L’albero di una barca a vela aumenta la superficie esposta al vento, mentre la superficie dello scafo è per la maggior parte immersa. Questo parametro è inferiore in uno scafo a motore di uguali dimensioni, poichè, planando, ha una superficie ridotta in acqua e grandi volumi al di sopra della linea di galleggiamento.
Dopo varie considerazioni sulla distribuzione degli spazi a bordo Levi, affiancato nel layout generale e degli interni dall’architetto Franco Harrauer, diede le seguenti dimensioni definitive allo scafo:
- Lunghezza f.t. 39′(11,90m)
- Al galleggiamento 30′(9,14)
- Larghezza massima 13′(3,96)
- Peso a barca leggera 5 tonn
- Peso a pieno carico 6,8 tonn
I motori previsti furono una coppia di diesel Aifo-Iveco CP3SM da 440 cv complessivi.
300 cavalli, in fase di progetto, erano sufficienti, ma Levi preferì abbondare per far fronte a eventuali perdite di potenza dovute a carico notevole, carena sporca ed altre eventualità correlate.
Il disegno della scocca fu un compromesso a due geometrie e con forti sezioni di spigolo per garantire una buona efficienza di planata e per far fronte a due valori diversi di velocità e cioè 8 nodi circa con andatura a vela e 20-30 nodi con andatura a motore.
La chiglia e gli spigoli, secondo la tradizione delle barche a vela, salivano verso poppa, eccetto un corso dritto che era inserito nelle sezioni centrali del fondo terminando con un leggero step (scalino) a poppa. Due flap erano sistemati all’altezza dello step, in modo da aumentare il corso piatto delle superfici plananti. A flap completamente sollevati ed a bassa velocità la scia allo step era pulita e senza turbolenze.

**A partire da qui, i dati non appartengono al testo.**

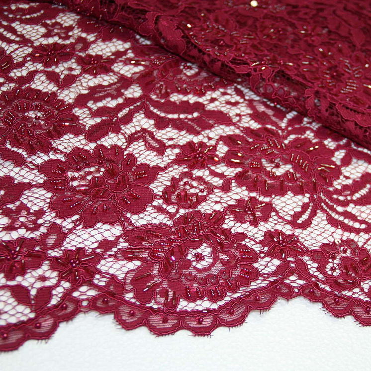 Кружево на сетке расшитое стеклярусом и паетками (о) марсала ш-130см - цена 16 500 ₽ У нас самые доступные цены на Кружевные ткани в Москве, доставка по всей России - интернет магазин тканей Тессутидея. Артикул товара для заказа - 03-3305. Страна производства ткани – Италия. Ширина этого материала - 130. Состав - Вискоза 15% полиамид 50% полиэстер 35%. Наличие остатков на складе - 2.3 м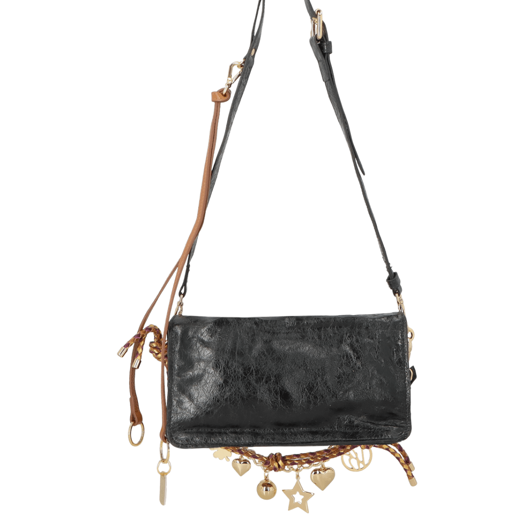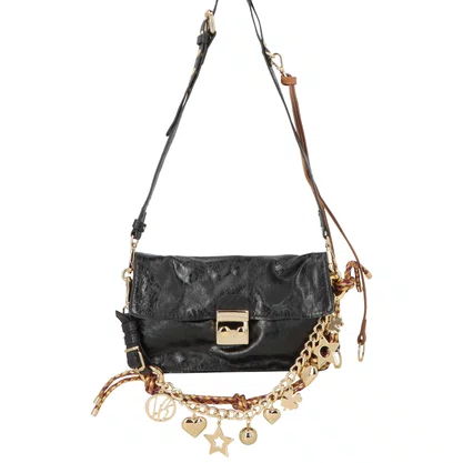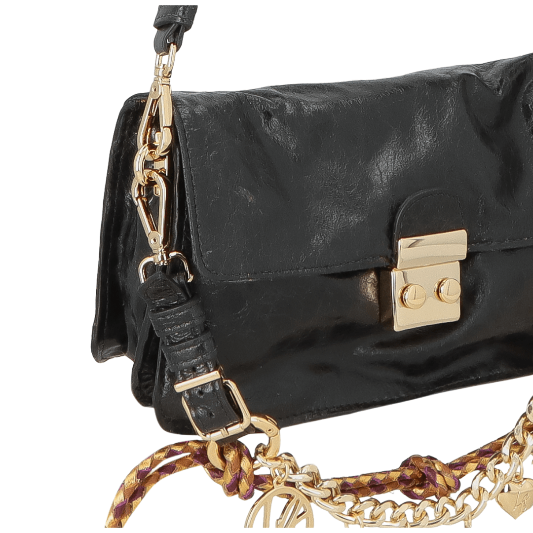 Bolsa Luiza Barcelos Baguete Feminina Preta Couro Estonado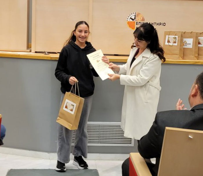 Τέλος, μία εκ των βραβευθέντων, η Ανδριάνα Γεωργίου, έστειλε το δικό της μήνυμα παίρνοντας το λόγο στην εκδήλωση, αναφερόμενη στους αγώνες των επιχειρηματιών για τα παιδιά τους «Με αυτόν τον λόγο θέλω να αποδώσω έναν φόρο τιμής στους δικούς μου γονείς που πάλεψαν για να είμαι εγώ εδώ σήμερα, για να περάσω στη σχολή που ήθελα και να κάνω τα όνειρά μου πραγματικότητα. Είμαι εδώ σήμερα γιατί ο πατέρας μου κάθισε στην επιχείρησή του 20 ώρες το 24ωρο και έμεινε βράχος ακόμη κι όταν έξω από αυτήν γίνονταν εργασίες και το μέρος θύμιζε βομβαρδισμένο τοπίο. Είστε σήμερα εδώ και βοηθάτε τον πατέρα μου και μέσα από τον ίδιο βοηθάτε κι εμένα, αλλά και κάθε άλλον επιχειρηματία που παλεύει καθημερινά για μια καλύτερη ζωή κι ένα καλύτερο Αύριο για όλους μας! Σας ευχαριστώ πολύ!».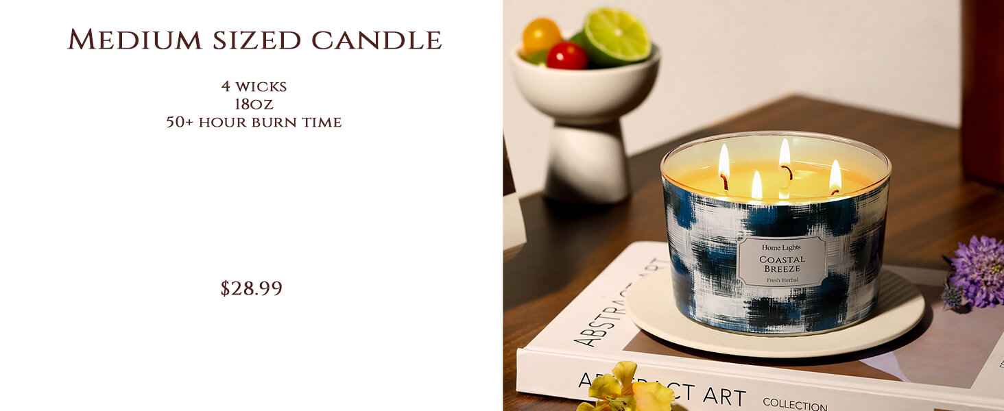 I have a whole collection of candles but this Coastal Breeze is the one I reach for most often. It's just so clean and refreshing—like fresh laundry mixed with ocean air. Never gives me a headache, never feels heavy. The 3-wick design gives fantastic coverage and the burn is perfectly even. 34oz lasts a good while. This will be a permanent staple in my home. Love it!

Una barca a vela ha bisogno, al contrario rispetto ad una barca a motore, di una considerevole stabilità laterale che si può raggiungere con la zavorra o dalla linea di carena o da tutte e due le cose assieme.

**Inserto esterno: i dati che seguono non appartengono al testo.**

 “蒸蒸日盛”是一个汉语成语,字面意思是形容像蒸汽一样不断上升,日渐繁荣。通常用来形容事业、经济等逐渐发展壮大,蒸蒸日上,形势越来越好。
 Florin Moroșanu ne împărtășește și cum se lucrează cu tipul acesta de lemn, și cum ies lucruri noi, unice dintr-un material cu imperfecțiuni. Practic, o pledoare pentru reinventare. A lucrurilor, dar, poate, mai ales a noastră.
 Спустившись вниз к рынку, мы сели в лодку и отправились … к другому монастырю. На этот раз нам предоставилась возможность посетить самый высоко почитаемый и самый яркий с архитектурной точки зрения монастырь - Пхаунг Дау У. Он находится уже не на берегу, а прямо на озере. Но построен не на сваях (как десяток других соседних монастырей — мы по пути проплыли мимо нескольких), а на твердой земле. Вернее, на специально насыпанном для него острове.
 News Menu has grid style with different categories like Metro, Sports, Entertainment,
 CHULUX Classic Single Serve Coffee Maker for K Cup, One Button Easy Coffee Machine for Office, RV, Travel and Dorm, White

A questo punto era obbligatorio l’uso di una zavorra fissa di piombo o di ferro che avrebbe comportato l’utilizzo di motori più potenti per consentire la planata e di conseguenza il montaggio di serbatoi carburante di maggiori dimensioni e peso con le ovvie difficoltà a cui si sarebbe andati incontro.
Se un fondo piatto in un monocarena può dare stabilità a bassa velocità, alle alte velocità , con andatura a motore e in mare aperto questa forma di scocca è ottima per distruggere la barca.

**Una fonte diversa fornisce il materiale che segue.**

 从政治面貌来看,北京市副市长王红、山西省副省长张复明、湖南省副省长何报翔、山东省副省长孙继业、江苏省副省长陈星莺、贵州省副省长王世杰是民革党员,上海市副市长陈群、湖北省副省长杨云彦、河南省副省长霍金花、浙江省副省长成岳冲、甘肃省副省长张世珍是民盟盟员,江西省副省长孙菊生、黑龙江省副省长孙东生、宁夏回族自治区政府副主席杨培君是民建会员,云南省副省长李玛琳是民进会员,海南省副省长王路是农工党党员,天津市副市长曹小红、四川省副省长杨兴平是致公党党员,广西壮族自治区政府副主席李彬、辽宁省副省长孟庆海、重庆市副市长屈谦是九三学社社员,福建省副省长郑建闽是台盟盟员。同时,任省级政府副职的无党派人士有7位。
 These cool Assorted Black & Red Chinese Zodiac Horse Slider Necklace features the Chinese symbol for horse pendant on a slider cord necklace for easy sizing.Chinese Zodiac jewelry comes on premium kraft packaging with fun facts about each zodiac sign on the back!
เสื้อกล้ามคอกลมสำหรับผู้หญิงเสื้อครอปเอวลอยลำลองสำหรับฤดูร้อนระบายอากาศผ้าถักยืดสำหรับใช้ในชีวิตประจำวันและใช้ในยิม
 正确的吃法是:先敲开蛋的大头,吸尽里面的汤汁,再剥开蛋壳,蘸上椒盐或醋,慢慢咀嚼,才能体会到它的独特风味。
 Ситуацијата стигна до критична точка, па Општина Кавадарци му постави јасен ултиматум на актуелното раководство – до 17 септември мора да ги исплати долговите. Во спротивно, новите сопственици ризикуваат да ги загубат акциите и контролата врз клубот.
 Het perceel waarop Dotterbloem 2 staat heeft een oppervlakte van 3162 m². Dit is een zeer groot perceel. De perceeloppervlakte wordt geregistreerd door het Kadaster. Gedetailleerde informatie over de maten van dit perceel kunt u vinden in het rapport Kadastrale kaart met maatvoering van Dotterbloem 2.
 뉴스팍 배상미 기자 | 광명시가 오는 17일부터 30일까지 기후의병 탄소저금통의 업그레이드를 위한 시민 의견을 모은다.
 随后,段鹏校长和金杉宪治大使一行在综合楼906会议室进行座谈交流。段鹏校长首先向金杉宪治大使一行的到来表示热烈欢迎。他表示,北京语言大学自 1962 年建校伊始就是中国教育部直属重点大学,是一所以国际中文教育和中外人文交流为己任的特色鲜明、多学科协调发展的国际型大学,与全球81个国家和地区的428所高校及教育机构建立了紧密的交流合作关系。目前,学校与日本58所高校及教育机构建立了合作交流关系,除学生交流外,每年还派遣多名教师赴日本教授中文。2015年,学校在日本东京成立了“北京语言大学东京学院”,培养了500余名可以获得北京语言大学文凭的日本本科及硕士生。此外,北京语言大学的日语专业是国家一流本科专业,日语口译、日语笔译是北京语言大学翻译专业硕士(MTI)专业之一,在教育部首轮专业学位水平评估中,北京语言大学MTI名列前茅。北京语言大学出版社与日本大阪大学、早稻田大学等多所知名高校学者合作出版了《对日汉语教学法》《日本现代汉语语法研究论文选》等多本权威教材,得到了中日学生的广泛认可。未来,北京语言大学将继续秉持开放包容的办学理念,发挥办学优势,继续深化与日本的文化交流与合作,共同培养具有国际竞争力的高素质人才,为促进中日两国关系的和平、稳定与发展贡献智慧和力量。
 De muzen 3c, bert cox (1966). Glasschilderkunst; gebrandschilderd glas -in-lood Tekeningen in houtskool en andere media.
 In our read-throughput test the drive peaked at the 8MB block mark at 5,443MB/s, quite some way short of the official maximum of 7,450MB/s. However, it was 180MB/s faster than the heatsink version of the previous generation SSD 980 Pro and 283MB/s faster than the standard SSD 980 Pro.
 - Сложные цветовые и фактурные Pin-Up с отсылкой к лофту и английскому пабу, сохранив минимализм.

Levi diede alla carena una stellatura di 23° per circa i 2/3 della larghezza, svasando quindi in fuori con un raggio fino allo spigolo quasi piatto e largo. Questo assicurava una carena morbida con buona tenuta laterale.
Per avere ancora una maggior tenuta allo sbandamento fu prevista una zavorra d’acqua di mare del valore di una tonnellata in serbatoi posizionati appena a prua dei motori. Queste casse di zavorra erano riempite all’occorrenza e svuotate dinamicamente durante la navigazione a motore.
La deriva era del tipo mobile posta al centro barca e parallela al centro chiglia e quando andava a motore veniva regolarmente ritratta altrimenti sarebbe stato impossibile planare a causa del fortissimo attrito generato da questa appendice. Una soluzione semplice e “furbacchiona”.
Il timone aveva un problema simile e Levi aveva pensato di farlo retraibile alle forti velocità , ma per semplicità di progetto gli diede una forma particolare che decresceva la sua larghezza man mano che andava verso il basso. Questo disegno del timone permetteva una notevole riduzione della sua superficie bagnata quando la barca planava ed era in velocità.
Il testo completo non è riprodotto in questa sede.